Anggota Komisi II DPR Akui Aturan Presiden Boleh Kampanye Ambigu

CNN Indonesia
Selasa, 30 Jan 2024 06:05 WIB
Jakarta, CNN Indonesia --

Anggota Komisi II DPR Guspardi Gaus menilai dua pasal dalam UU Nomor 7 Tahun 2017 tentang Pemilu yang mengatur presiden boleh berkampanye ambigu.

Dua pasal tersebut masing-masing yakni Pasal 299 dan 281 UU Nomor 7 Tahun 2017 tentang Pemilu. Menurut Guspardi, pasal tersebut harus direvisi karena kontradiktif.

"Saran saya adalah perlu dilakukan perumusan ulang terhadap UU ini, dilakukan revisi UU untuk penyempurnaan terhadap UU Nomor 7 Tahun 2017 ini, khususnya tentang apakah presiden boleh, berhak, dan sebagainya. Kemudian bagaimana pula tentang kalimat, narasi berikutnya itu yang ambigu," ucap Guspardi saat dihubungi, Senin (29/1).

ADVERTISEMENT

SCROLL TO CONTINUE WITH CONTENT

Pasal 281 mengatur soal syarat bagi presiden dan wakil presiden yang ingin berkampanye. Pasal tersebut mengatur dua syarat, yakni tidak boleh menggunakan fasilitas negara dan harus izin cuti terlebih dahulu.

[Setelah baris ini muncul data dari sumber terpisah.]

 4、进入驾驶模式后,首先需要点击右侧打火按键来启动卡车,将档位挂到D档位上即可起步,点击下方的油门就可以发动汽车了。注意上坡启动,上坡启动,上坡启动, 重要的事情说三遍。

Kemudian di Pasal 299 menyatakan presiden dan wakil presiden memiliki hak untuk berkampanye. Pasal tersebut juga mengatur pejabat negara yang ingin berkampanye harus terdaftar sebagai tim kampanye dan namanya diserahkan ke KPU.

Guspardi terutama menyorot pasal 281 yang dinilai kontradiktif. Menurut dia, selama ini tak pernah terjadi ada rekam jejak presiden atau presiden mengajukan izin cuti. Karena itu, menurut Guspardi, cuti bagi presiden adalah istilah yang asing.

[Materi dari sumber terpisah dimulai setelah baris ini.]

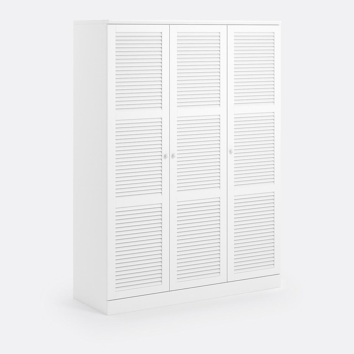 3-türiger Kleiderschrank Mayor. Dieser zeitlos-klassische Schrank hat 3 Türen, 5 Böden und ein Hängeabteil und bietet damit viel Stauraum bei wenig Platzbedarf!

"Artinya ini sesuatu yang tidak lumrah. Tidak pernah dilakukan, kan gitu. Jadi, artinya nanti kan menimbulkan debatable pula tentang cutinya presiden," kata dia.

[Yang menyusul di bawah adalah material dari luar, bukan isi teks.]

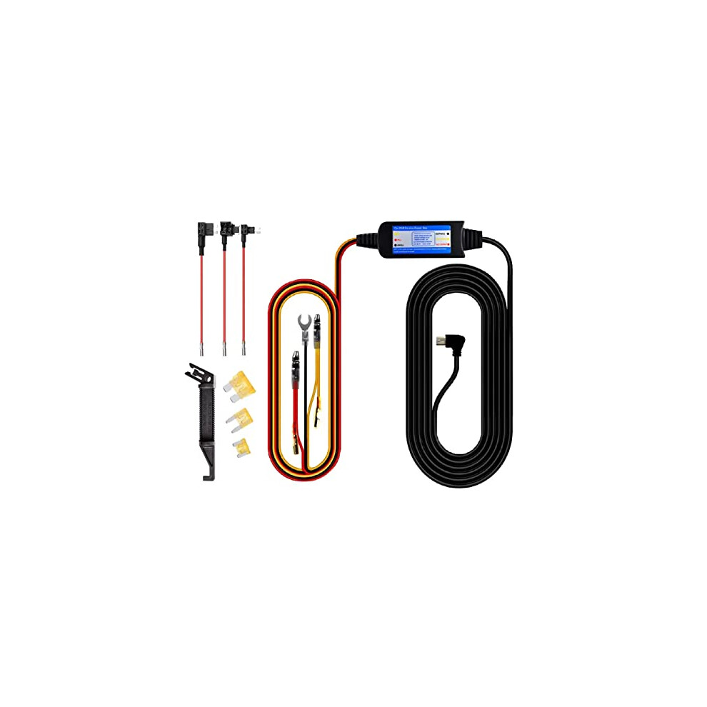 Dash Camera Hardwire Kit-Micro USB Port 4M Cable 3 Fuse Types Input 12V to 30V Output 5V For Dash Cams Sat-Navs & GPS Trackers. Battery Low Voltage

Guspardi menyorot poin a, dalam Pasal 281 UU Pemilu yang menyebutkan Presiden akan tetap mendapatkan pengamanan selama cuti kampanye. Politikus PAN itu menilai aturan dalam pasal tersebut ambigu dan kontradiktif.

Sebab, sekalipun cuti, presiden akan tetap mendapatkan pengamanan, termasuk misalnya menggunakan pesawat kepresidenan.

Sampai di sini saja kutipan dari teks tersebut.